For years, I believed my lack of progress in life was a failure of will—that I simply wasn’t pushing hard enough. But as I’ve given myself permission to honor who I truly am, that same spirit from when I felt fully alive twelve years ago is returning. I can feel congruence settling in, though the parts of my life I’m still afraid to release keep creating a heaviness that saps my drive for what truly matters. Yet, I see now that the more I live as I’m meant to, the more lifeblood I have for the work I’m called to do.
When I lived true to myself, I didn’t have to manufacture the drive or courage—they simply emerged. The difference wasn’t what I was doing, but how easily the right actions flowed from who I was.
To live into our true nature means to move through the world in a way that is uniquely ours—a way of seeing, solving, creating, and connecting that feels natural and true. It’s not just about what we do for work or the roles we play. It’s the intricate pattern woven through everything: how we think, spend, give, and serve. Our blueprint shapes the rhythm and flow of our lives, like a unique fingerprint on our soul. Recognizing it is the first step; honoring it brings harmony, while ignoring it leads to fragmentation.
IV. The Dare
Our job in this lifetime is not to shape ourselves into some ideal we imagine we ought to be, but to find out who we already are and become it.
—Steven Pressfield, The War of Art.
Ultimately, the question isn’t whether you have a calling—it’s whether you’ll do the work to discover and honor it.

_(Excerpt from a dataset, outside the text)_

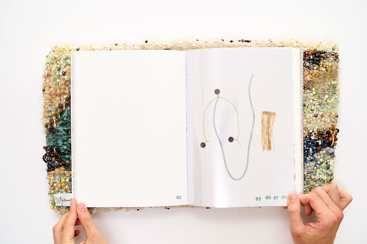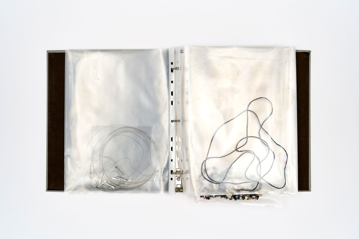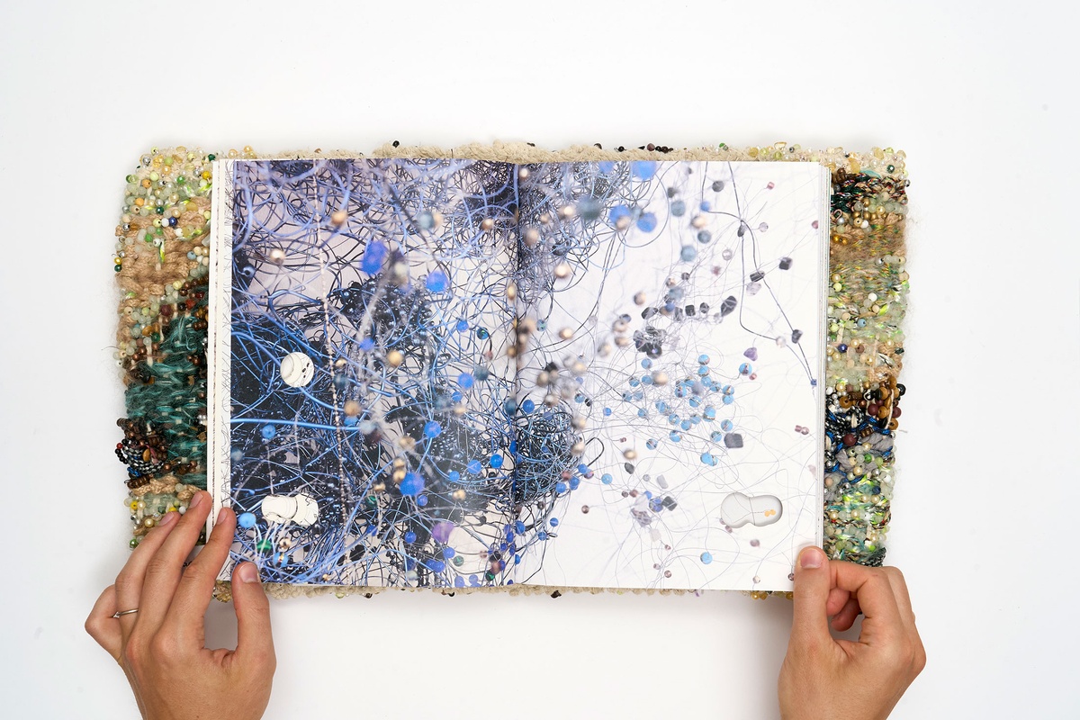 The book’s opening pages are laser-cut, revealing images of beads, thread, and wire.

This work isn’t complicated, but it requires a deep honesty—the kind that lets you feel the difference between swimming with the current and fighting it. There’s an intuition that kicks in when we step into the rushing river that is our authentic life. It flows with joy, life, and unstoppable exuberance. But there’s also the opposite: the grinding, upstream swim against who we really are—the friction; the exhaustion that no amount of motivational TED talks can fix.
The choice is yours. You can keep wearing clothes that don’t fit, accepting the quiet exhaustion, and letting what matters most slowly slip away. Or you can honor the design that’s written into your bones by following the thread of what makes you come alive. One path leads to slow erosion and the sense that you’re living someone else’s life; the other leads to the natural flow, clarity, and action that emerges from deep knowing. Your body already knows which path is true—the rest is courage, and a willingness to follow.